Оторвалась. Губы черной были прокушены. По губам, по зубам лилась кровь.
Глаза черной были закрыты. Кровь ползла по подбородку.
Губы золотой тоже были в крови. Она тяжело дышала.
– Я хочу тебя, – тихо, так же тяжело дыша, резко вглатывая воздух, сказала черная.
– То-то же. Давно бы так, – сказала золотая.
Они сорвали друг с друга последние искромсанные тряпки и упали на белоснежную кровать, пачкая ее кровавыми пятнами.
Золотая впивалась зубами во вставшие дыбом, черными чечевицами, соски черной. Ее жадный палец глубоко, дико, ища и не находя сладкое дно, погружался в мякоть, в соленую влагу теплой, безумной щели, на ощупь сходной с жалким слизняком.
Черная выгибалась подо ртом, под зубами, под животом и наглыми пальцами золотой. Изгибалась змеей. Застывала, как в столбняке. Снова билась. Била ногами. Вздрагивала смуглыми коленями. Кричала.
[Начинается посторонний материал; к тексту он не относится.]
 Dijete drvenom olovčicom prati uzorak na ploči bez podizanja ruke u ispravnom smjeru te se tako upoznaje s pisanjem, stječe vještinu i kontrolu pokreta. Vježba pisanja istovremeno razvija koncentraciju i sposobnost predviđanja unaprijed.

Дикие крики не вылетали из ледяных окон. Ледяные окна были плотно закрыты.
На улице стояла белая страшная зима, а нежные девушки боялись холодов.
Я совсем не думал, что за нами будет погоня.
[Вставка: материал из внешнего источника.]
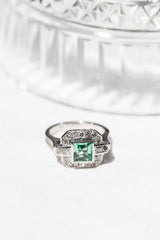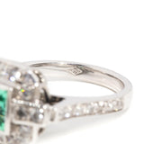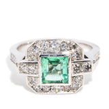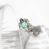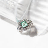 Florence Reinvented Antique Bright Emerald & Diamond Platinum Ring

У нас был митинг, на площади Минина, и он почти провалился; и Степан разозлился капитально; и так быстро темнело зимой, и надо было быстро удирать, у нас было это все отработано, и Степан не боялся нисколько, это был такой мирный, вялый митинг, ну, мы помахали плакатами, как прощальными платками, покричали чуть-чуть, а рядом с нами что-то свое кричали коммунисты, а рядом еще и зеленые, так что это была дерьмовая сборная солянка, и в ней плавали сосисочки, грибочки, мясцо, лимончик, перцы красные, маслины черные, оливки зеленые и еще Бог знает что.
Степан был недоволен.
Он двинул меня кулаком в бок и тихо кинул мне:
– Давай, бери Белого, и еще кого сможешь, двигай в мою машину. Я туда пошел. Один. Вы тоже по одному. Все в порядке.
– Все лажа, – сказал я.
– Пораженье от победы ты сам не должен отличать, – тихо, зло сказал Степан.
– Это что, стихи?
Я уже смеялся.
– Дурачила. Я пошел.
Он исчез в метели. Я оглянулся. На площади уже почти никого не было. Сиротливо торчали голые кусты вокруг старого погибшего фонтана. Бронзовый Минин глупо простирал кривую руку к небесам. Минин куда-то кого-то призывал. А его никто не слышал.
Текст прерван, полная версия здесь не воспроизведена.